China’s Canton Fair highlights changing nature of nation’s manufacturing industry amid US trade war
- Tariff war launched by US President Donald Trump in June 2018 accelerated changes in China’s manufacturing and export industries that were already under way
- Some 200,000 potential buyers will still visit 60,767 exhibition booths in Guangzhou during the three week fair as China hangs onto its manufacturing role

When US President Donald Trump imposed tariffs on the first batch of imports from China in June 2018, a move which led to the start of the trade war between the world’s two largest economies, Chinese researchers put on a brave face, arguing that the levies would only have a marginal impact on exports and, therefore, on the overall economy.
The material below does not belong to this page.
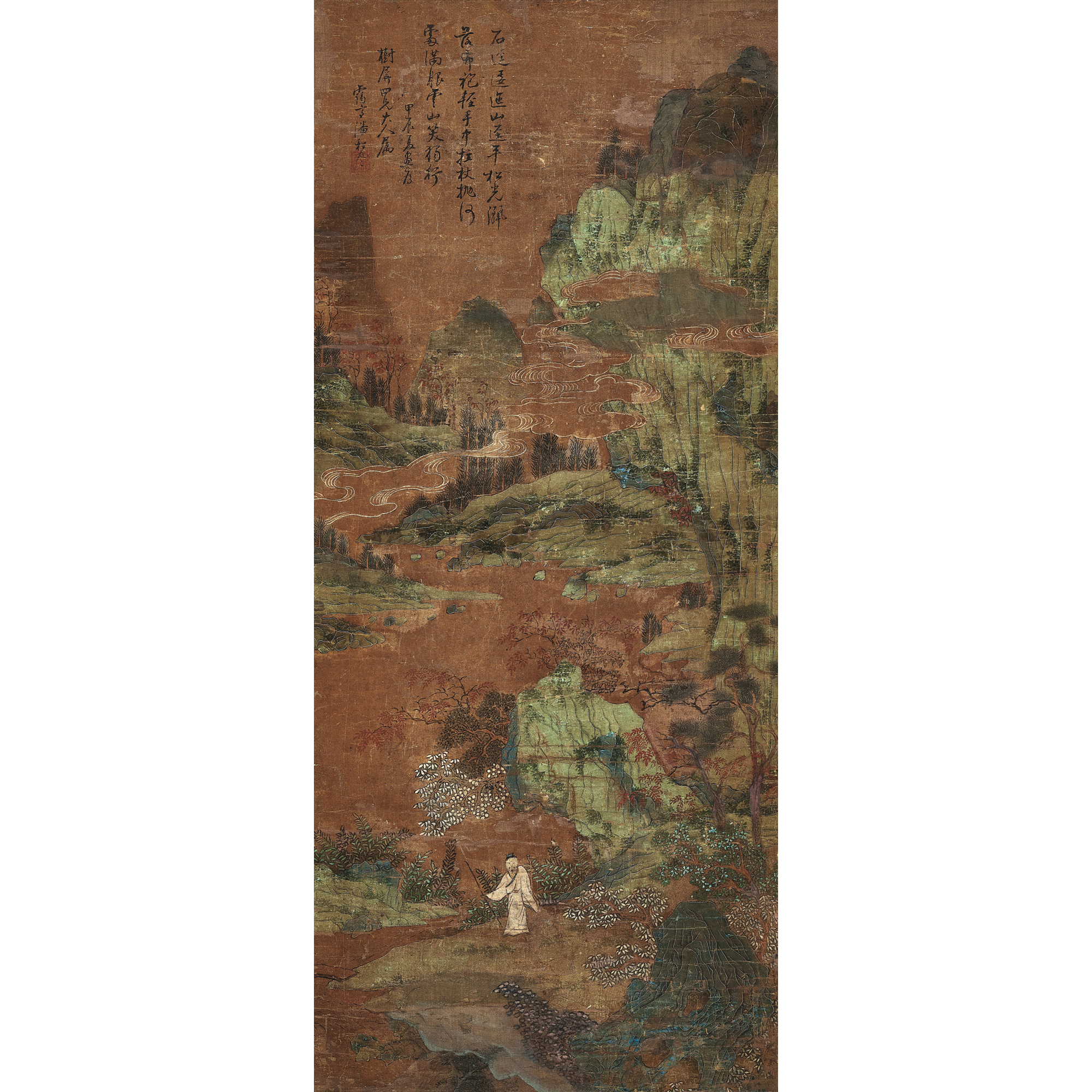 款 識:石徑逶迤山徑平,松光灑落布袍輕,手中拄杖拋何處,滿眼雲山笑獨行。甲辰夏畫,為樹屏四兄大人屬,靄齋潘和風。

That optimism was supported by facts. Among China’s total exports of US$2.3 trillion in 2017, shipments bound for the United States accounted for 19 per cent, suggesting that they played only a marginal role in supporting Chinese economic growth. Wei Jianguo, a former vice-minister at the Ministry of Commerce responsible for foreign trade, even suggested in late 2018 that Africa could replace the US to become China’s top export market by 2023.

But that observation does little to ease the increasing pain of the exhibitors of mostly low-end products at the Canton Fair, China’s oldest and largest export exhibition, which started last week in the southern city of Guangzhou.